Pasó una página y otra página, pero nada de lo que leía le interesaba. En
cambio, le llamaron la atención algunos anuncios. Vio el de una zapatería y,
con mayor intensidad que antes, le llegó a la nariz el tufo a calzado nuevo.
-¡Bueno!- se dijo-
esto ya es inaceptable-. Seguramente era su mal dormir, su falta de sueño. Aun
así, quiso probar. Cerró los ojos y pasó los dedos sobre la imagen del par de
zapatos masculinos. Lenta, pero claramente, fue sintiendo el aterciopelado
de la gamuza, nuevamente el olor a cuero.Inquieta y
no, dio vuelta a la página. El desplegado a doble plana de una mueblería inundó
la habitación con olor a caoba, cedro, pino.

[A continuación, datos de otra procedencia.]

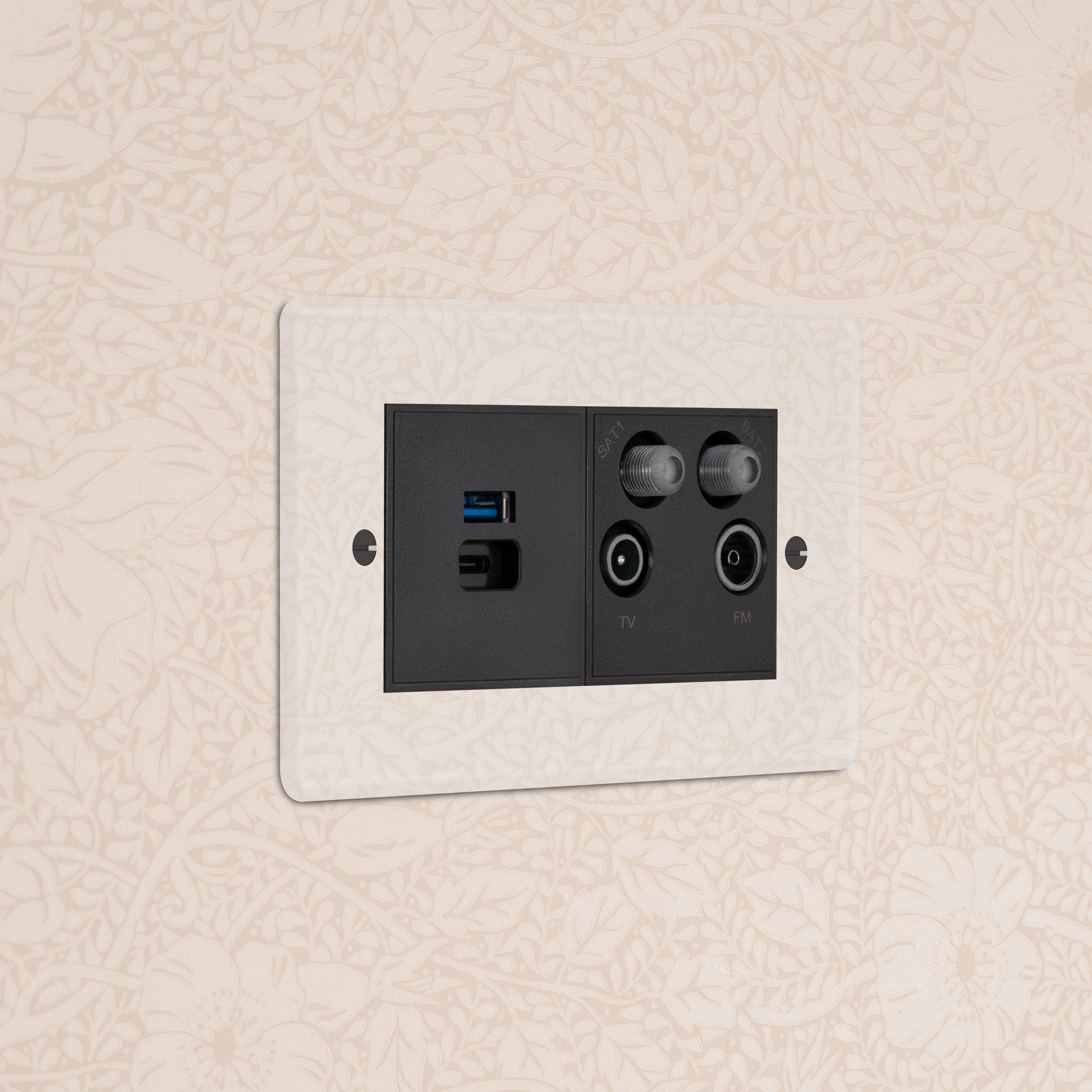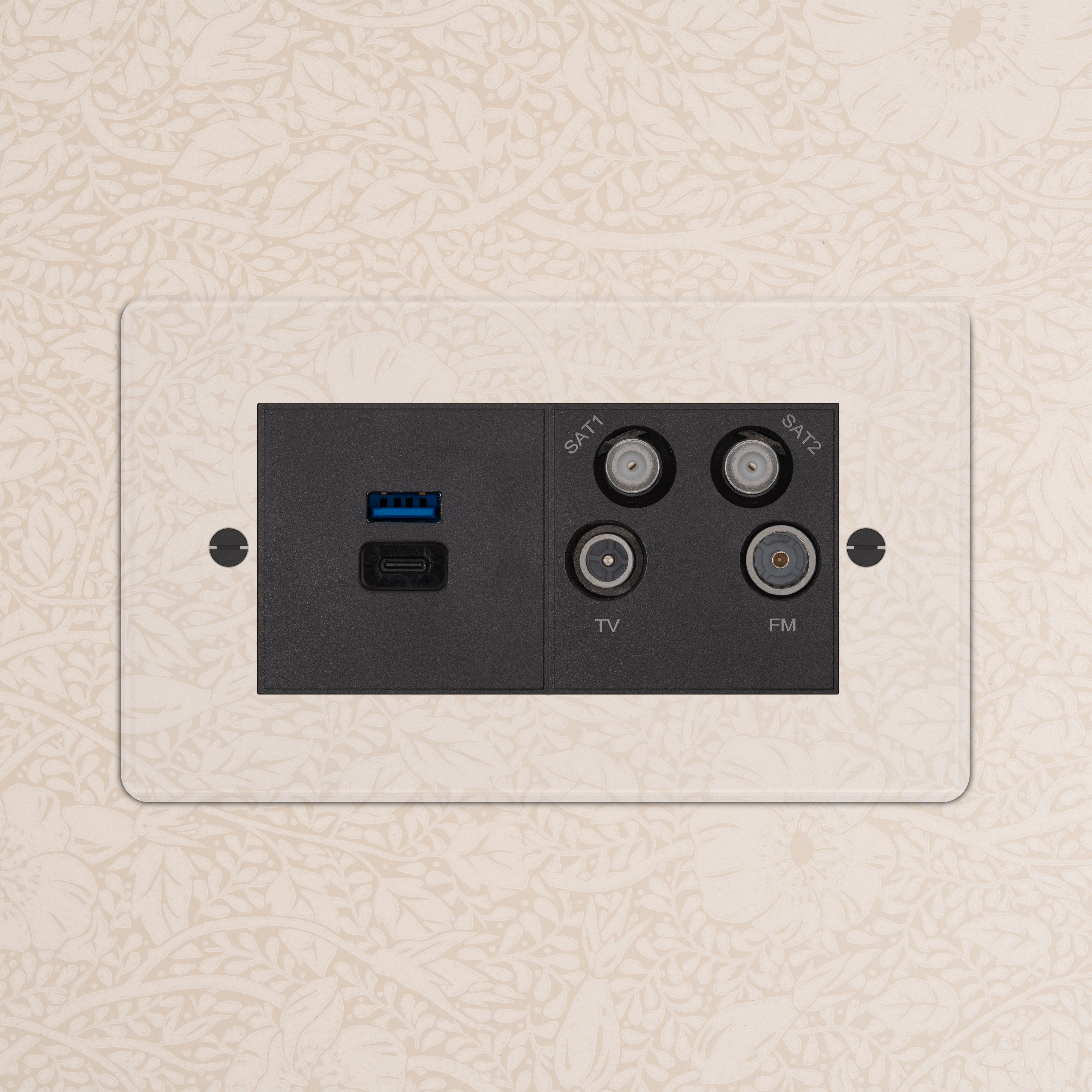 Neatly group two satellite connections, TV and FM aerials with USB A and C charging ports.
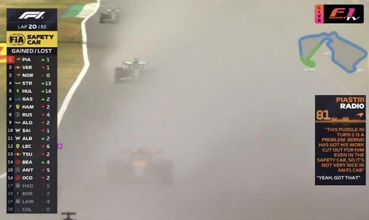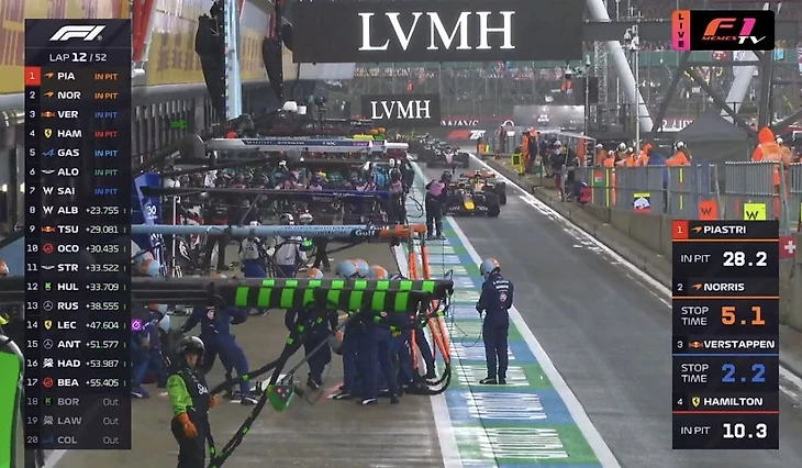 Половина пелетона поехала переобуваться, а Макларен фантастически обосрались с пит-стопами обоих пилотов — 3.1 для Пиастри и 5.1 для Норриса. 5 секунд!

Pasó los dedos sobre las páginas
lustrosas, los retiró, los frotó unos contra otros y los encontró pegajosos; se
los llevó a la nariz y corroboró: era resina. ¡No lo podía creer!
-¡Hacía ya
tanto tiempo…!
Al aventar el
periódico sobre la cama vio desprenderse de la portada algunas olorosas hojitas
de cempasúchil. Las recogió, las estrujó, las olió y tomó su decisión. Se
acomodó la bata, se atusó el pelo, se dio un vistazo rápido en el espejo –se
encontró pasablemente guapa a sus 50-, abandonó la recámara y se dirigió a la
sala, donde tenía su altar de muertos.
Desde una
foto antigua –sepia por el tiempo–, la miraba de cuerpo entero el joven militar
que había sido su marido. A la débil cintilación de la luz de las veladoras
tomó el retrato, se acomodó en el sofá y cerró los ojos. Acarició sutilmente la
superficie de la imagen y, poco a poco, muy tenuemente al principio, le fue
llegando el olor a la colonia del extinto. Comenzó a percibir en las yemas de
los dedos la suavidad del rostro, la sedosidad del cabello, las callosidades de
las manos.
Palpó la
urdimbre del uniforme al extender sus exploraciones por el tórax, los brazos y
las piernas; se demoró en la palpitante tibieza de la ingle… Súbitamente,
una garra se apoderó de su pecho.
Sorprendida,
abrió los ojos y rompió el hechizo: para ella y para él. Aunque reconocible,
Abel encontró a su exmujer vieja y ajada, sin encantos. Retiró lentamente la
mano de su seno, lanzó una mirada de circunstancia a la sala, al altar de
muertos, a la foto que sostenía la mujer y comprendió de golpe.
Una frase
alcanzó a escupir el miliciano:
-Igualita a
tu madre. ¡Bruja!
Ella,
iracunda, rompió el retrato.
Y Abel se
disipó en el aire.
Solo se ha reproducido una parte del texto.